All of the artists here could easily have been included seamlessly in any Turner shortlist of the past decade. Is this George Shaw's moment? Somewhere, on an English housing estate, it is always a George Shaw moment – a dull Sunday or a walk-the-bloody-dog empty afternoon. His paintings of 1960s estates and hinterlands are defiantly local and prosaic, but probably look exotic and poetic to viewers from abroad. And there is something Larkinesque – as well as Hancockesque – in his work. Perversely anachronistic, at his best he achieves a kind of universality. The tedium in Shaw's dutiful technique matches the places he depicts. To describe this as minor art also catches the mood exactly.

Karla Black's work is painting by other means. Her work is all about surfaces and materials – scrumpled polythene sheet, powdery makeup, glistening conditioners, drools of body lotion. It's as if she started making herself up for a Friday night but found herself painting instead. What she does manages to be at once tacky and beguiling, oddly pretty and pretty horrible; this is to do with the physical properties of her everyday materials and their associations – to the cosmetic and to all that faecal paint the abstract expressionists once flung about. Its all makeup and make-believe. Both a parody of painting and a homage to it. Black's work frequently makes me laugh, nervously.

Bodies also appear and disappear in Hilary Lloyd's videos, films and slide-show presentations. Lloyd is as much into the hardware of projectors, screens on shiny metal poles, the techno-dreck of wires and boxes, as the images of cranes and bridges, motorbikes and bodies they project.

All this technology will soon look dated. Lloyd's art frequently bores me, but I keep thinking I'm not clever enough, not hard-wired for it. I'm always aware of a dry little academic commentary starting up in my head. Then another thought intrudes: can I stop watching yet?

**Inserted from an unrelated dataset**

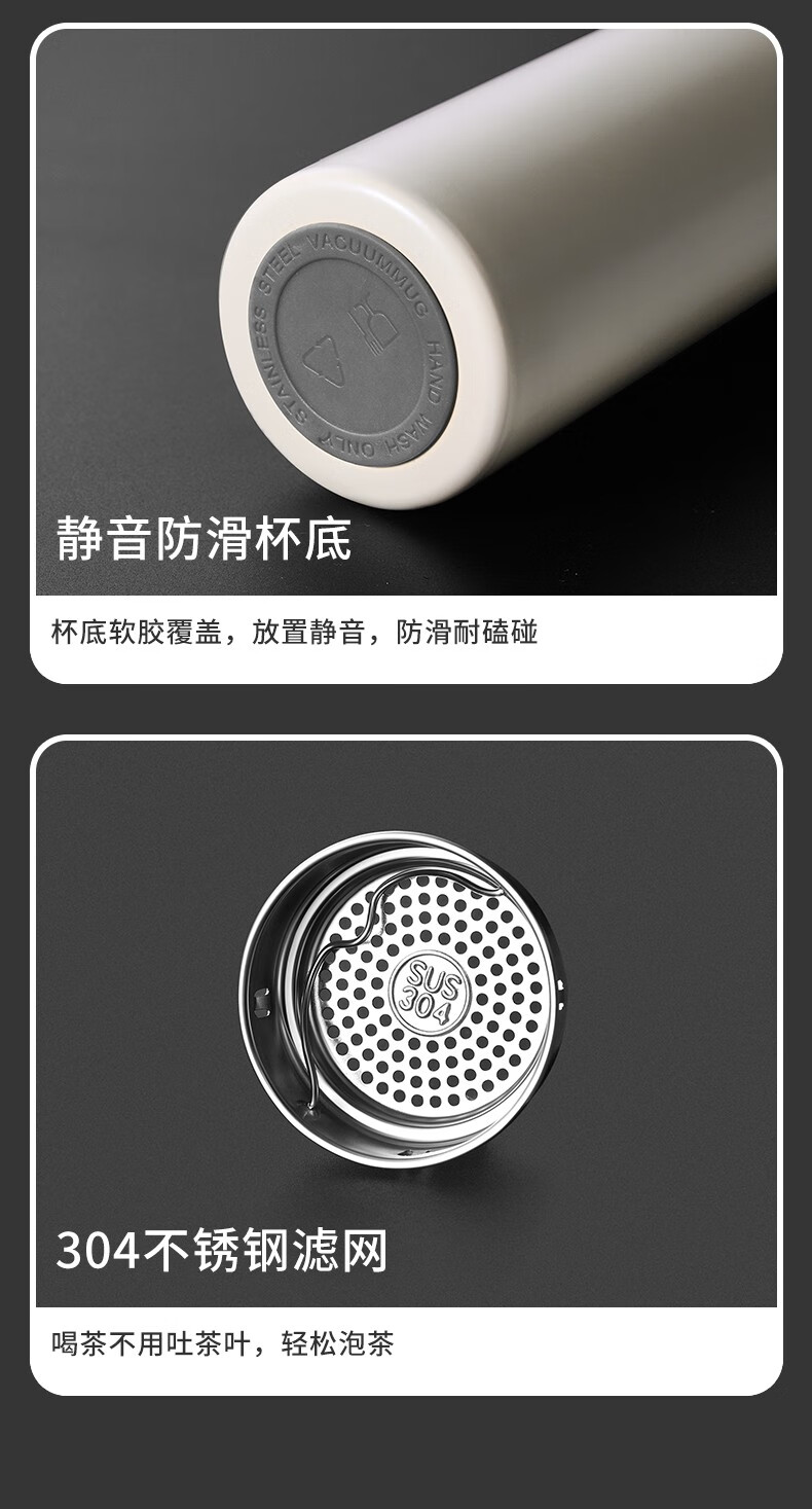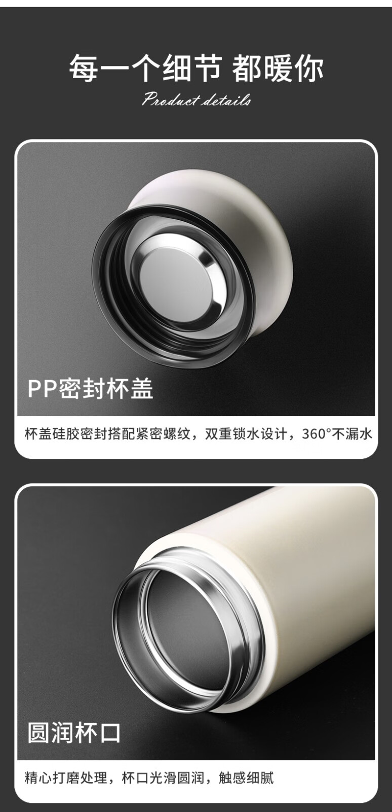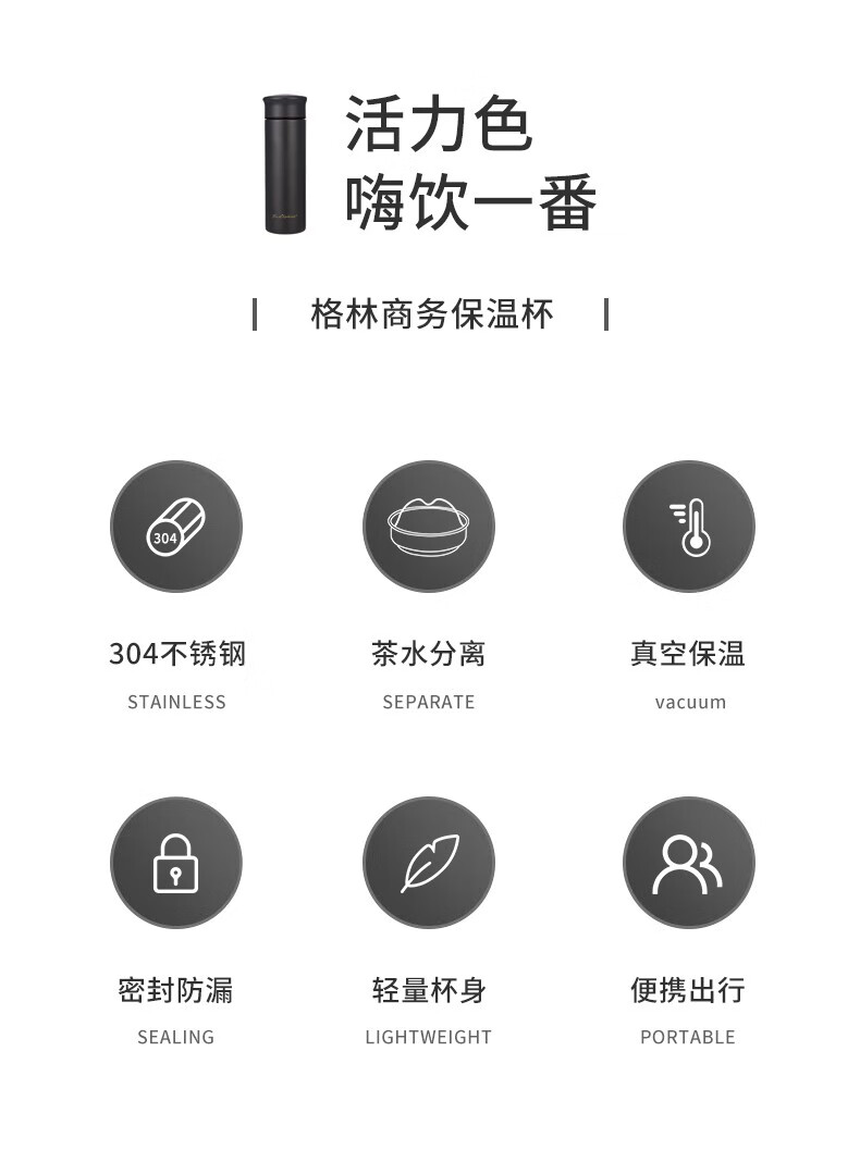 小杯身大容量,蘑菇云造型简洁、高雅。拧开方便。;采用优质SUS304食品级不锈钢内胆;杯身采用喷漆工艺,耐磨、抗震,坚硬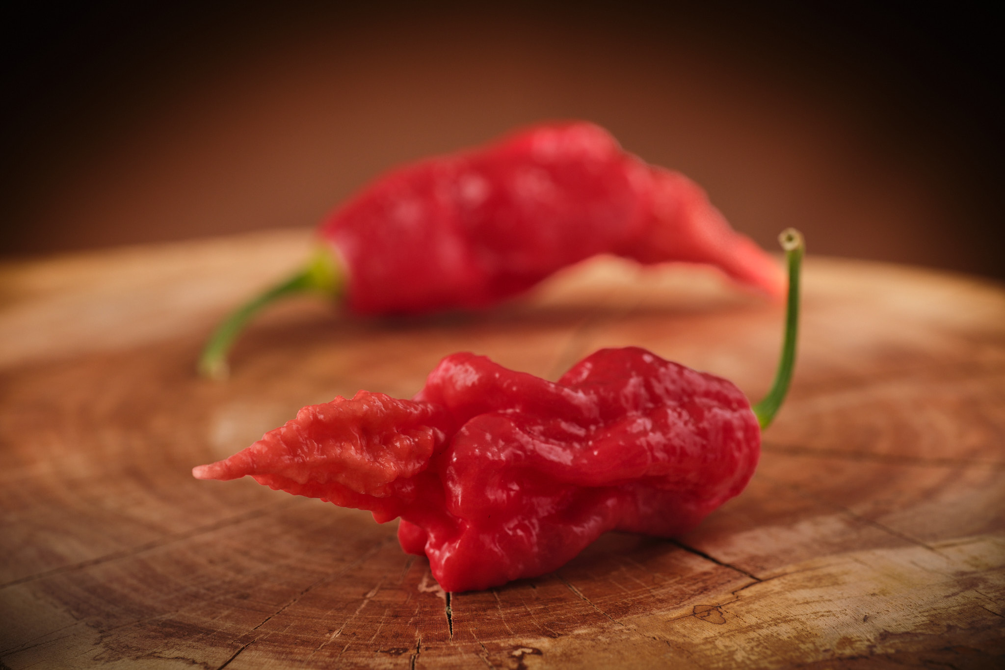 Plody: Robustní, soudečkovité a extrémně zvrásněné. Dorůstají délky okolo 4-5 cm a porobného průměru. Zprvu jsou tmavě zelené, následně zrají do sytě červené barvy.  Chuť a pal: Plody mají silně kořeněnou chuť s ovocnými tóny s palčivým…

Martin Boyce's sculptures and installations often relate to utopian, modernist design. Lots of artists are currently mining this territory (even Shaw's work makes reference to it), and it is beginning to feel a bit of a cliche. But this is the world whose legacy we live with. Angular neon-tube trees – that look like they're doing calisthenics, drifts of fallen leaves, a hosepipe snaking through a metal grille, all have their place in his work.

If Black's work looks like painting but somehow isn't, Boyce's looks like sculpture, but is just as much a sort of mangled décor. That's what a lot of art is now, for better or for worse. Shaw or Black to win!